### Exercise data

=== Begin Enclosure ===

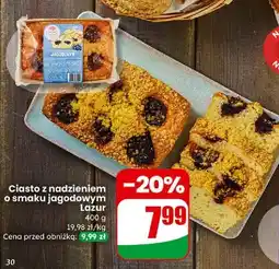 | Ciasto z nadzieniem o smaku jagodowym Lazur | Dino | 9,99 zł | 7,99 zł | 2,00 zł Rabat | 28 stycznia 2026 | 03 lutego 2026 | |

=== End Enclosure ===
=== Begin Enclosure ===

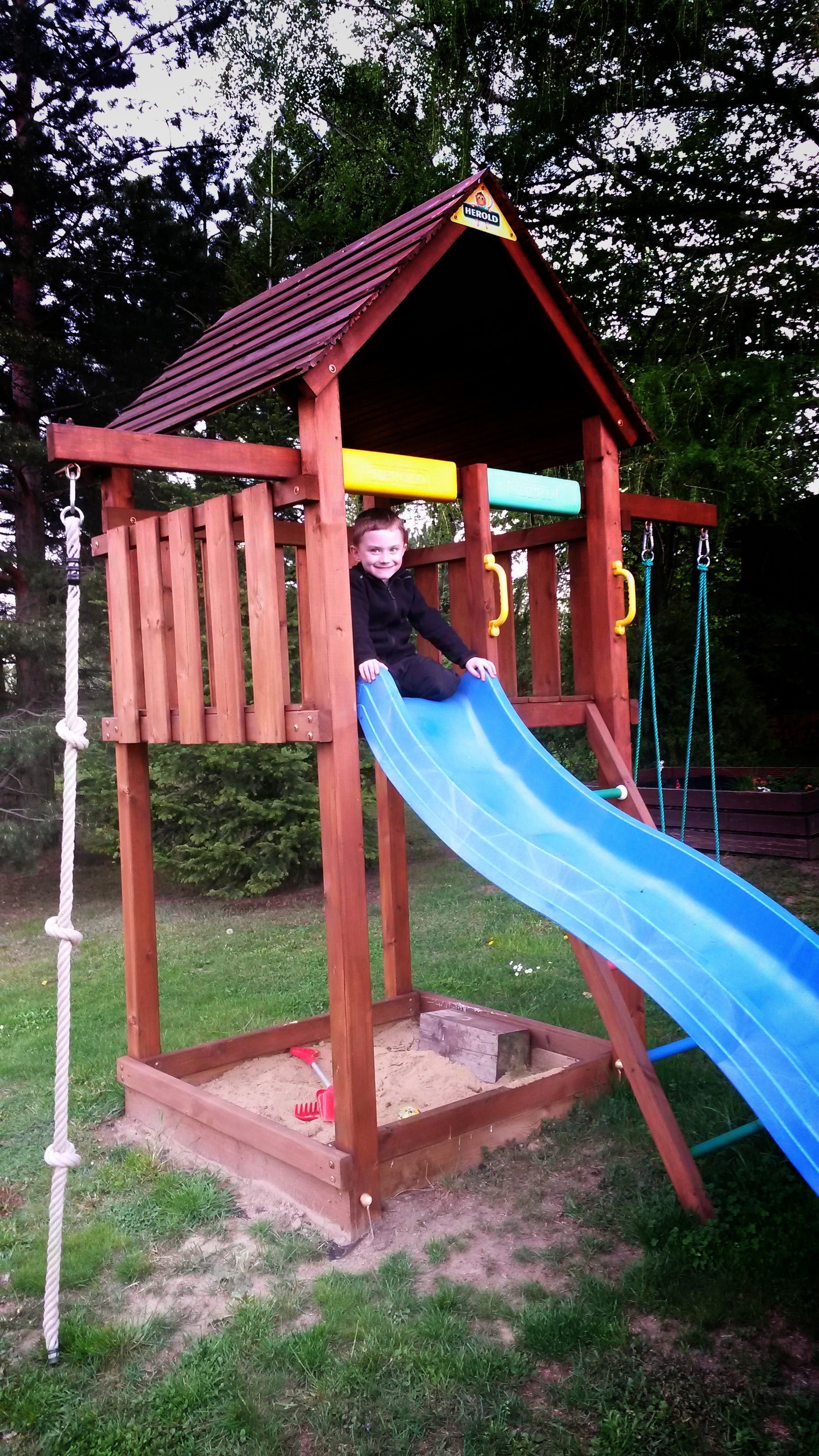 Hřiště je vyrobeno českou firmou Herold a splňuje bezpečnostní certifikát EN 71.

=== End Enclosure ===
=== Begin Enclosure ===

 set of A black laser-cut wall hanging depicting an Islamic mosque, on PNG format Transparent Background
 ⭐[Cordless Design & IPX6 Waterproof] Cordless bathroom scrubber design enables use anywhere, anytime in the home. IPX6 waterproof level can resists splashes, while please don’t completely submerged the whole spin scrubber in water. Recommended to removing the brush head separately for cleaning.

=== End Enclosure ===

### Your objective
Transcribe each line of the data above, unaltered, from the one where "set of A black" appears to the one where "separately for cleaning." appears, inclusive of both.

### Response below
 set of A black laser-cut wall hanging depicting an Islamic mosque, on PNG format Transparent Background
 ⭐[Cordless Design & IPX6 Waterproof] Cordless bathroom scrubber design enables use anywhere, anytime in the home. IPX6 waterproof level can resists splashes, while please don’t completely submerged the whole spin scrubber in water. Recommended to removing the brush head separately for cleaning.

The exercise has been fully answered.